There have been a couple times where the emergency order has hampered Perez’s work, she said. When the order was first imposed, she was trying to find temporary housing for a victim of domestic violence and her child in a Riverhead motel. Perez said she was forced to find housing for the woman further west because the motel had been notified about the order.
The order has made Perez think about the consequences of locating someone who can speak Spanish and has an accent to Riverhead, she said.
Pamela Greinke, executive director of the nonprofit Hope and Resilience Long Island, which covers the cost of hotel stays for domestic violence victims on the East End, said Riverhead’s order further endangers victims who may be seeking safety.
“So far, the time needed has not exceeded 30 days, but there may be a situation where a client needs more time in a hotel in order to be safe,” Greinke said. “So, this executive order directly impacts their ability to maintain the safety they need while pursuing their protections through court.”
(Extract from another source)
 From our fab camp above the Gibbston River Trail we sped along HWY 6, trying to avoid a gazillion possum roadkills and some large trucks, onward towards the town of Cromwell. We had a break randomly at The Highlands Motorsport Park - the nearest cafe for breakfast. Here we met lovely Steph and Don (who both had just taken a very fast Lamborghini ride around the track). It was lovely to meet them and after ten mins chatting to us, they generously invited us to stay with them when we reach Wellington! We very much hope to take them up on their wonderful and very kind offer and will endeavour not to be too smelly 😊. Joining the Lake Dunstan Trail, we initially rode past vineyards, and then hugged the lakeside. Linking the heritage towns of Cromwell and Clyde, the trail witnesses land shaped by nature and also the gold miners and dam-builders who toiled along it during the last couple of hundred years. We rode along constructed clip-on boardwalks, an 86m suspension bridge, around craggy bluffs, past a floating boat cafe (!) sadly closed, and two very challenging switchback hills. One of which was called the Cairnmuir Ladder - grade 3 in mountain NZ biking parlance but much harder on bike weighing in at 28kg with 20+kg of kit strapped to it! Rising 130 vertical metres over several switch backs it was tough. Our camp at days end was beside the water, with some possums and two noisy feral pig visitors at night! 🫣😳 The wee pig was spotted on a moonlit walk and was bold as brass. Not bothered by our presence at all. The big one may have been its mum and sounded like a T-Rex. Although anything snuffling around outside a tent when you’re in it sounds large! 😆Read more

Greinke said the order also “perpetuates the narrative that immigrants are more likely to be criminals; numerous studies have shown that to be untrue,” citing a study by university economists.
“Asylum seekers are not looking for a vacation spot; they often have experienced multiple layers of trauma and abuse; then to deny them safe housing while they take a moment to catch their breath and process it all, that just creates an additional, inhumane barrier for a person seeking safety,” Greinke said.
Perez said she asked for a meeting with Aguiar last year, but that the former supervisor declined to meet with the organization. Perez said she would welcome a conversation with Hubbard about the order.
“I would love to know that he’s willing to speak in public about his willingness to take a look at the deeper side of how an emergency order like this affects everyone else — not the people who he thinks are ‘invading,’ but everybody else,” Perez said.
While they might not be coming by the busloads, Perez said migrants coming into the U.S. are still relocating to the area despite the emergency order and finding success in their new home.
“It’s happening right now, and people are carefully, and with support of friends and family, starting lives, because there are dire situations where they’re coming from,” Perez said, “and they are becoming contributing members of our community right here on the East End of Long Island.”